About this exercise >> Repeat exactly what runs from the line containing "インド産ハンドブロックプリントのヘアロスキャップ(医療用帽子/ケア帽子)です" through the last line of the material below. Do not copy the pictures.

--------------------

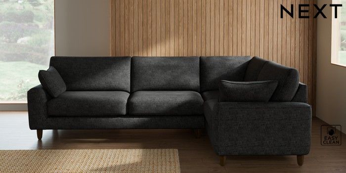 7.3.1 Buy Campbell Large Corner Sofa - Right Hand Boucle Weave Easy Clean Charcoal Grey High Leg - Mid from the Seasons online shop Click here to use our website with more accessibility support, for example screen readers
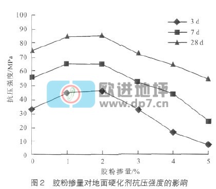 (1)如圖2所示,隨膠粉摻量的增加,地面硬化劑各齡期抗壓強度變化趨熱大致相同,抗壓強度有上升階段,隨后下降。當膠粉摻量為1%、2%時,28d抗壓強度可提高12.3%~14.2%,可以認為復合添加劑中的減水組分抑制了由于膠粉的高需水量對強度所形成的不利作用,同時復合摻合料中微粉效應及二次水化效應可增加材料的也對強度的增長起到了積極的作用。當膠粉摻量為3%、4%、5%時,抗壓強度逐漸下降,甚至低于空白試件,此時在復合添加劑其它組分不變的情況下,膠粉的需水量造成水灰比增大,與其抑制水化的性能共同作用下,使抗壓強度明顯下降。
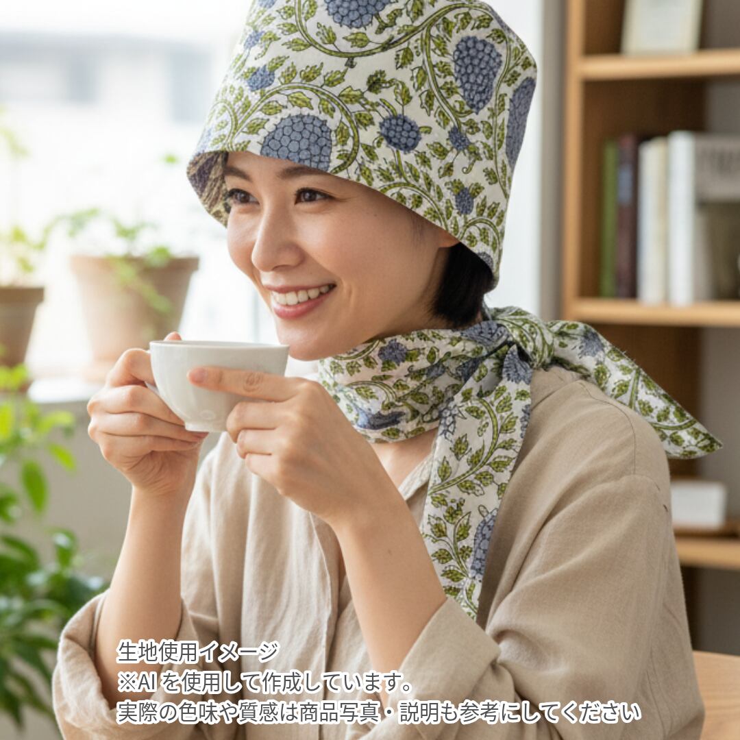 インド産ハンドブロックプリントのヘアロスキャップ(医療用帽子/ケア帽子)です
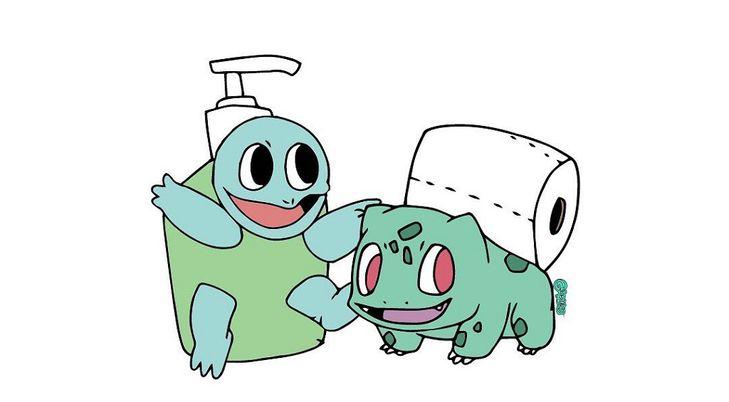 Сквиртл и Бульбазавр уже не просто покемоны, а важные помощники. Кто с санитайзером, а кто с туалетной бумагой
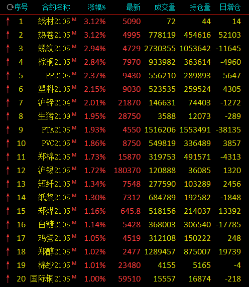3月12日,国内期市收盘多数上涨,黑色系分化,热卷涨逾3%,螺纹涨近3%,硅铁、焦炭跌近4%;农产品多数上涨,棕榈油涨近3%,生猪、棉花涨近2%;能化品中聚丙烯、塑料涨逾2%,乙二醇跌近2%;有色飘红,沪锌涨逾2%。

--------------------

Output for this task >>
 インド産ハンドブロックプリントのヘアロスキャップ(医療用帽子/ケア帽子)です
 Сквиртл и Бульбазавр уже не просто покемоны, а важные помощники. Кто с санитайзером, а кто с туалетной бумагой
3月12日,国内期市收盘多数上涨,黑色系分化,热卷涨逾3%,螺纹涨近3%,硅铁、焦炭跌近4%;农产品多数上涨,棕榈油涨近3%,生猪、棉花涨近2%;能化品中聚丙烯、塑料涨逾2%,乙二醇跌近2%;有色飘红,沪锌涨逾2%。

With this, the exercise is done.